[Data entries]
··········
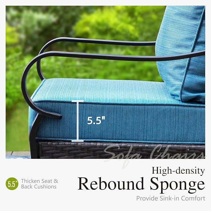 - Ultimate Comfort with Thick Cushions: Featuring 5.5-inch thick cushions, this conversation patio furniture Set ensures maximum comfort and support. The extra-wide, deep seats and high backrest offer a relaxed, cozy experience, perfect for lounging or engaging in long conversations. Enjoy outdoor comfort like never before with this stylish and comfortable set.
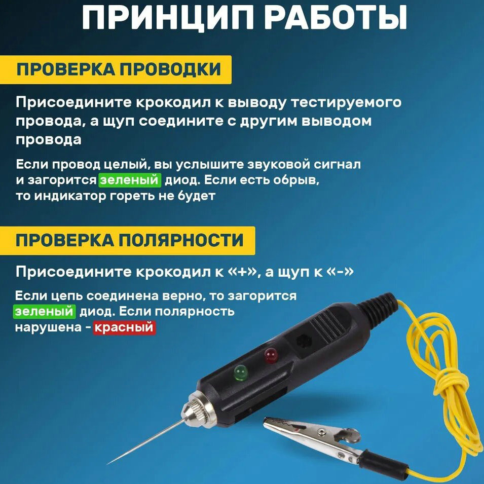Автотестер универсальный черный (ИГЛА) JINDA предназначен для быстрой и эффективной диагностики электрооборудования автомобилей. Позволяет определить полярность напряжения (+/-), выявить замыкание и обрыв проводки без необходимости размыкать проводку - за счет возможности ввести тонкую иглу непосредственно через изоляцию в проводку или проверить предохранители, лампочки и диоды. Корпус выполнен из ударопрочного пластика и снабжен проводом с зажимом типа «крокодил», светодиодным и звуковым индикатором. Питание: 3 х LR 41.
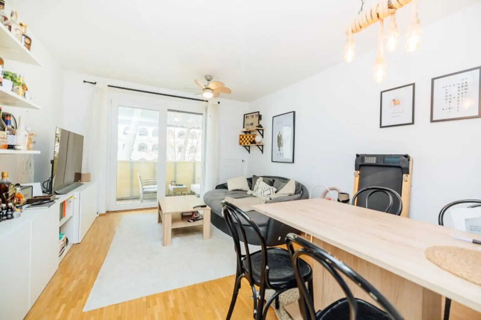 Der offene Wohn-Essbereich ist das Herz der Wohnung: hell, freundlich und vielseitig nutzbar – mit direktem Ausgang auf den Balkon und genügend Platz für Couch, Wohnwand und Essbereich.
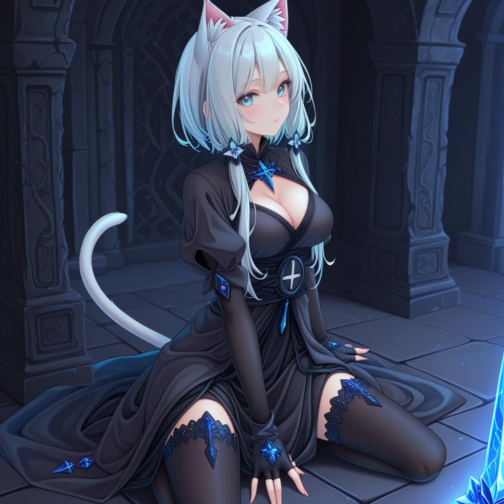 Monk (final fantasy), final fantasy, 1girl, cat ears, cat tail, blue eyes, short hair, long hair, fingerless gloves, miqo'te, by artist yoye (pastel white), dark_illustrious
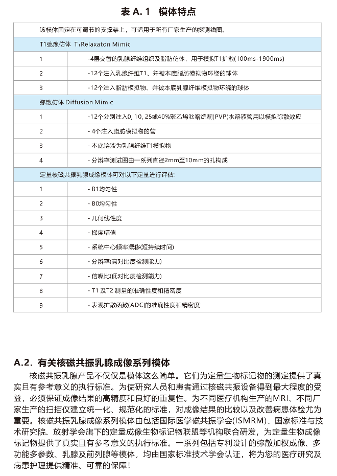 核磁共振乳腺成像模体由两个内部由致密高分子聚碳酸酯结构组成的仿人的柔软硅胶壳构成。每个硅胶壳都内含本体溶液,用以模体乳腺纤维组织T1。其中一个乳腺模体是专用的模拟不同乳腺组织的T1模体,另一个则是弥散模体。乳腺成像校准模体可适用于所有用于乳腺成像的探测线圈。所有的部件经国家标准与技术研究院认证,为核磁共振成像扫描仪、乳腺线圈和成像协议及程序提供的矫正标准。
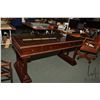 Modern glass top three drawer, library table style desk with keyboard drawer and column style supports, made by Bombay Company, 32" H X 65" W X 29" D
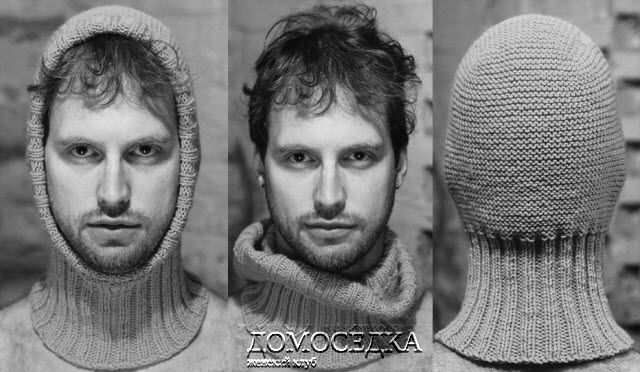Вязаный шлем от Franklin Habit для молодого человека выполнен спицами.
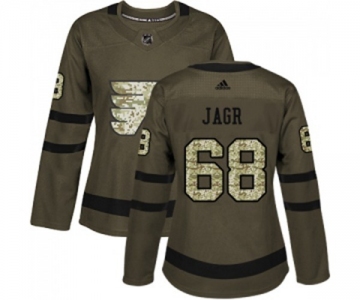 Women Adidas Philadelphia Flyers #68 Jaromir Jagr Authentic Green Salute to Service NHL Jersey
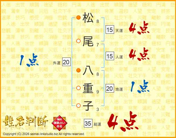 松尾八重子さんの総運は35画の4点!
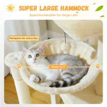 This multi-tier cat tower features two spacious condos for cozy hideaways, a large 15.7-inch hammock for lounging, a soft padded perch for resting, and multiple sisal-wrapped scratching posts to protect your furniture from claw marks. A secure ramp makes climbing easy, while plush coverings ensure every surface feels soft and inviting. The dual-condo design is ideal for both young kittens and senior cats, giving each their perfect resting spot.
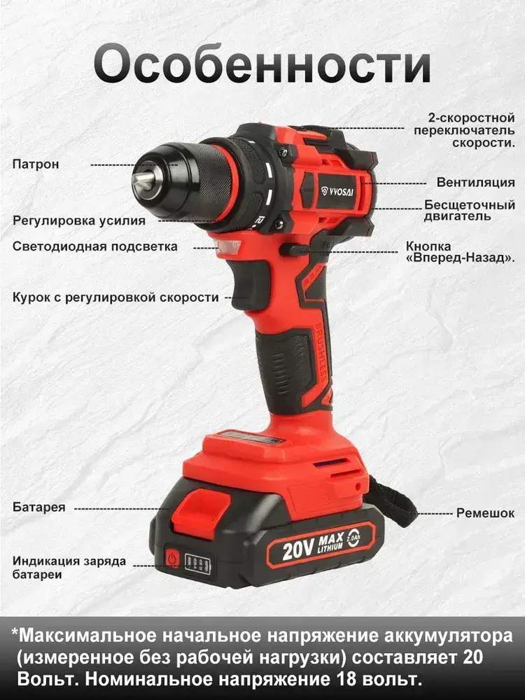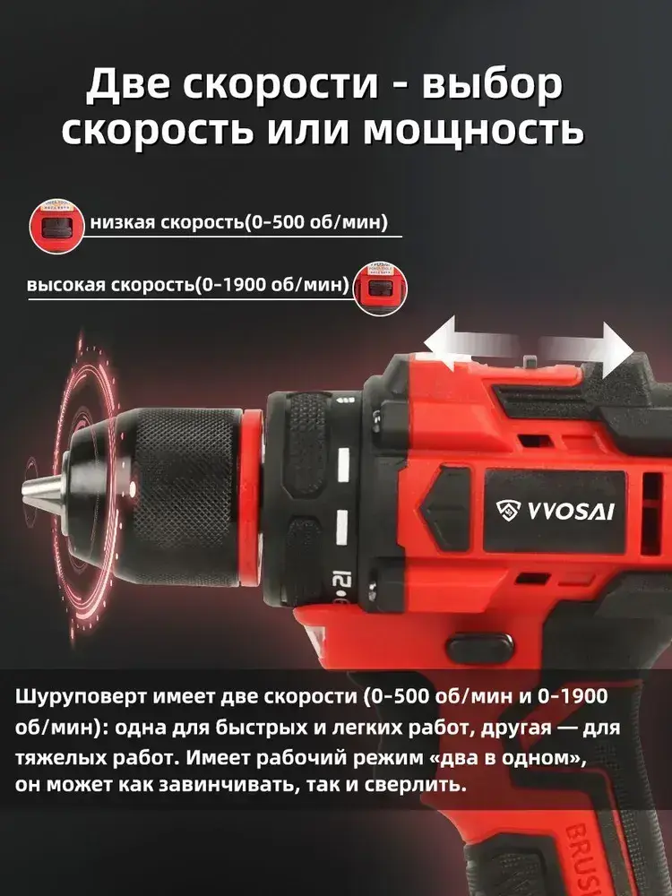 Дрель-шуруповерт аккумуляторная VVOSAI WS-9020-C2-SXP, 20В 50Нм, 2xLi-ion, ЗУ
··········
> Exercise
When you copy the entries, keep every word exactly as it stands and drop any pictures.

> Solved exercise
 - Ultimate Comfort with Thick Cushions: Featuring 5.5-inch thick cushions, this conversation patio furniture Set ensures maximum comfort and support. The extra-wide, deep seats and high backrest offer a relaxed, cozy experience, perfect for lounging or engaging in long conversations. Enjoy outdoor comfort like never before with this stylish and comfortable set.
Автотестер универсальный черный (ИГЛА) JINDA предназначен для быстрой и эффективной диагностики электрооборудования автомобилей. Позволяет определить полярность напряжения (+/-), выявить замыкание и обрыв проводки без необходимости размыкать проводку - за счет возможности ввести тонкую иглу непосредственно через изоляцию в проводку или проверить предохранители, лампочки и диоды. Корпус выполнен из ударопрочного пластика и снабжен проводом с зажимом типа «крокодил», светодиодным и звуковым индикатором. Питание: 3 х LR 41.
 Der offene Wohn-Essbereich ist das Herz der Wohnung: hell, freundlich und vielseitig nutzbar – mit direktem Ausgang auf den Balkon und genügend Platz für Couch, Wohnwand und Essbereich.
 Monk (final fantasy), final fantasy, 1girl, cat ears, cat tail, blue eyes, short hair, long hair, fingerless gloves, miqo'te, by artist yoye (pastel white), dark_illustrious
 核磁共振乳腺成像模体由两个内部由致密高分子聚碳酸酯结构组成的仿人的柔软硅胶壳构成。每个硅胶壳都内含本体溶液,用以模体乳腺纤维组织T1。其中一个乳腺模体是专用的模拟不同乳腺组织的T1模体,另一个则是弥散模体。乳腺成像校准模体可适用于所有用于乳腺成像的探测线圈。所有的部件经国家标准与技术研究院认证,为核磁共振成像扫描仪、乳腺线圈和成像协议及程序提供的矫正标准。
 Modern glass top three drawer, library table style desk with keyboard drawer and column style supports, made by Bombay Company, 32" H X 65" W X 29" D
Вязаный шлем от Franklin Habit для молодого человека выполнен спицами.
 Women Adidas Philadelphia Flyers #68 Jaromir Jagr Authentic Green Salute to Service NHL Jersey
 松尾八重子さんの総運は35画の4点!
 This multi-tier cat tower features two spacious condos for cozy hideaways, a large 15.7-inch hammock for lounging, a soft padded perch for resting, and multiple sisal-wrapped scratching posts to protect your furniture from claw marks. A secure ramp makes climbing easy, while plush coverings ensure every surface feels soft and inviting. The dual-condo design is ideal for both young kittens and senior cats, giving each their perfect resting spot.
 Дрель-шуруповерт аккумуляторная VVOSAI WS-9020-C2-SXP, 20В 50Нм, 2xLi-ion, ЗУ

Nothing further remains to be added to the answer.